Given that I feel like if someone was going to take models failing at modus ponens as evidence of the “Clever Hans” hypothesis they should not only undo that update but also update on the other direction by casting doubts about whatever they though was an example of LLM not being able to do something.
I was wondering whether to comment on how to take a demonstration of inner-monologue or alternate prompting approaches solving the problems… There’s definitely a bunch of different ways you can interpret that outcome. After all, even if you solve it with a better prompt, the fact remains that they demonstrated inverse scaling on the original prompt. So what does that mean?

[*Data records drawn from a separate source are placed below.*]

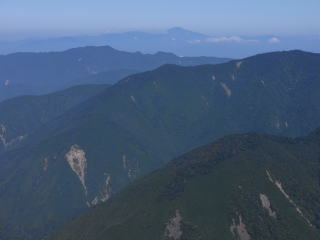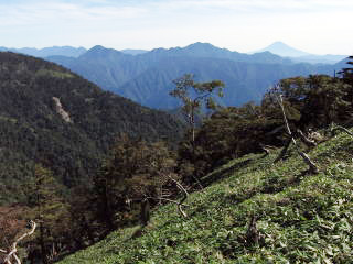 ![]() 黒法師岳の下りから見た丸盆岳と南アルプスの山々 |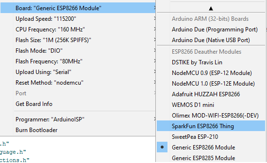 - Flash Size: 1M (256K SPIFFS)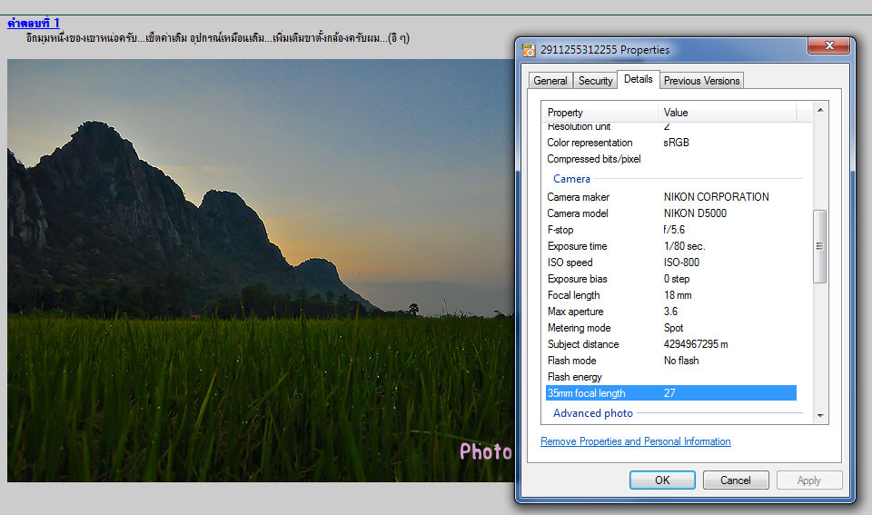 ลุงปู่ครับ โปรแกรมข้างต้นที่แสดงรายละเอียดเกี่ยวกับการถ่ายรูป คือโปรแกรมอะไรอ่ะครับ..บางครั้งผมถ่ายรูปไปแล้ว ถ้าไม่จดรายละเอียดเอาไว้ ลืมหมดเลยครับ ต้องมานั่งนึก ๆ กันอีกรอบว่าจำอะไรได้บ้าง ผมลองหาโปรแกรมดูแล้วแต่ไม่เจออ่ะครับ ผมจะเอาไว้ดูเพื่อเอาไปปรับปรุง และเปรียบเทียบระหว่างภาพเก่า ภาพใหม่ อ่ะครับ...

I guess that depends on what you thought inverse scaling was. One way is to take the inverse-scaling as a sub-category of hidden scaling: it ‘really’ was scaling, and your ‘bad prompts’ just masked the hidden scaling; it had the capability and ‘sampling can show the presence of knowledge but not the absence’, and the Contest has been useful primarily in experimentally demonstrating that skilled ML professionals can be hoodwinked into severely underestimating the capabilities of powerful DL models, which has obvious AI safety implications.
I think its also not obvious how it solves the problem, whether its about the model only being capable of doing the reasoning required using multiple steps(though why the inverse scale then) or something more like writing an explanation makes the model more likely to use the right kind of reasoning.
And inside of that second option there’s a lot of ways that could work internally whether its about distributions of kinds of humans it predicts, or something more like different circuits being activated in different contexts in a way that doesn’t have to do with prediction (but that also wouldn’t explain the inverse scale), or some mix of the two things.
Maybe doing mechanistic intepretability research on this kind of thing might show some light on that? But I guess the problem is that the interesting behaviors only happen in the biggest models which are harder to work with, so no wonder nobody has done any work related to that yet(at least that I know of).